> PROBLEM DETAILS
What you return should be the complete listing, unchanged, with no pictures in it.

> DATA TO USE

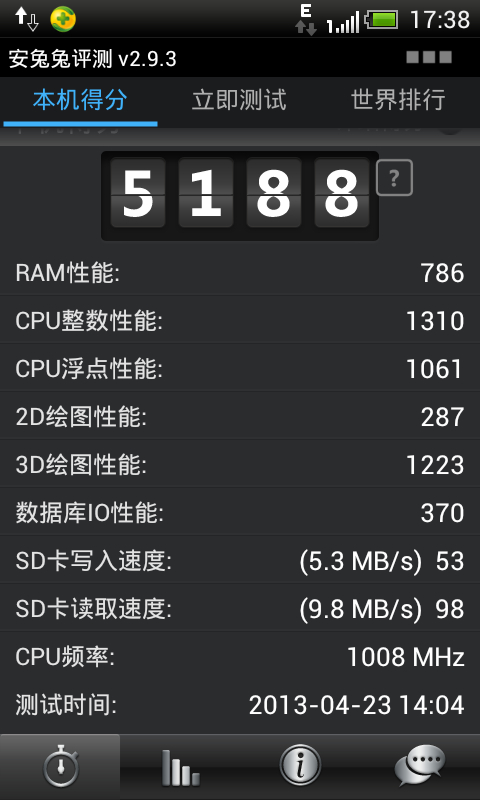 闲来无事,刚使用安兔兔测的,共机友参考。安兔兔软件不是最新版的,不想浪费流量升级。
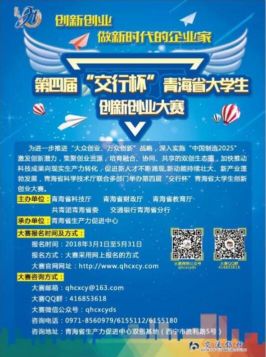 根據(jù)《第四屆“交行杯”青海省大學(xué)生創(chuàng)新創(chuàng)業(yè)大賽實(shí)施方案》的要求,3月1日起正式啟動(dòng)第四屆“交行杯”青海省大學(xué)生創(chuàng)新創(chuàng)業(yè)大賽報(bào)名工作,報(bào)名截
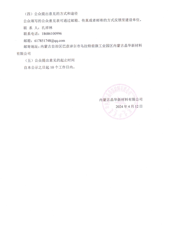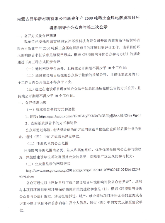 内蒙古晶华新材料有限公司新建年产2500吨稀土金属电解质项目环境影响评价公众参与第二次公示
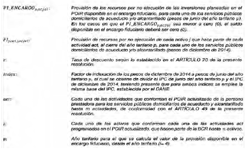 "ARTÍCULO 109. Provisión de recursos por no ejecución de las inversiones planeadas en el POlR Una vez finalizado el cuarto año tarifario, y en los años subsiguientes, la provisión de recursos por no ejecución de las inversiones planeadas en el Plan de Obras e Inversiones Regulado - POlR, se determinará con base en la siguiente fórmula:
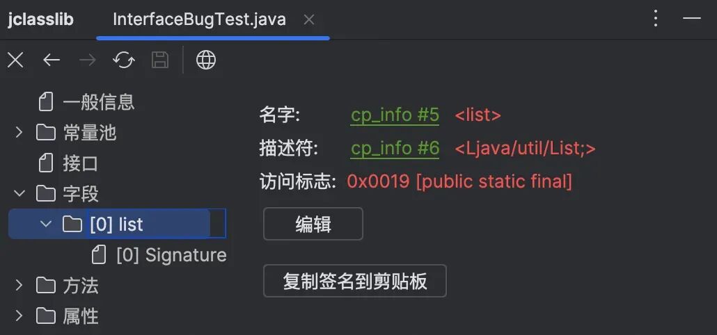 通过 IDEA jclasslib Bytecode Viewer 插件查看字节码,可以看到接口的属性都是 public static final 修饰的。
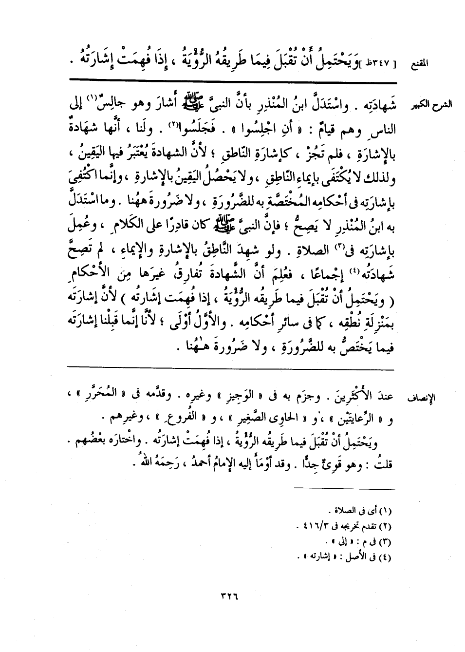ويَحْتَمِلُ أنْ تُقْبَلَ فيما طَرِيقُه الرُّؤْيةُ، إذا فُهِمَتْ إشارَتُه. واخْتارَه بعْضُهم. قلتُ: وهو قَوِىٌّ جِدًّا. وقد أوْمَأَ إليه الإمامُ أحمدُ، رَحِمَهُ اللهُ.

> OUTPUT
 闲来无事,刚使用安兔兔测的,共机友参考。安兔兔软件不是最新版的,不想浪费流量升级。
 根據(jù)《第四屆“交行杯”青海省大學(xué)生創(chuàng)新創(chuàng)業(yè)大賽實(shí)施方案》的要求,3月1日起正式啟動(dòng)第四屆“交行杯”青海省大學(xué)生創(chuàng)新創(chuàng)業(yè)大賽報(bào)名工作,報(bào)名截
 内蒙古晶华新材料有限公司新建年产2500吨稀土金属电解质项目环境影响评价公众参与第二次公示
 "ARTÍCULO 109. Provisión de recursos por no ejecución de las inversiones planeadas en el POlR Una vez finalizado el cuarto año tarifario, y en los años subsiguientes, la provisión de recursos por no ejecución de las inversiones planeadas en el Plan de Obras e Inversiones Regulado - POlR, se determinará con base en la siguiente fórmula:
 通过 IDEA jclasslib Bytecode Viewer 插件查看字节码,可以看到接口的属性都是 public static final 修饰的。
ويَحْتَمِلُ أنْ تُقْبَلَ فيما طَرِيقُه الرُّؤْيةُ، إذا فُهِمَتْ إشارَتُه. واخْتارَه بعْضُهم. قلتُ: وهو قَوِىٌّ جِدًّا. وقد أوْمَأَ إليه الإمامُ أحمدُ، رَحِمَهُ اللهُ.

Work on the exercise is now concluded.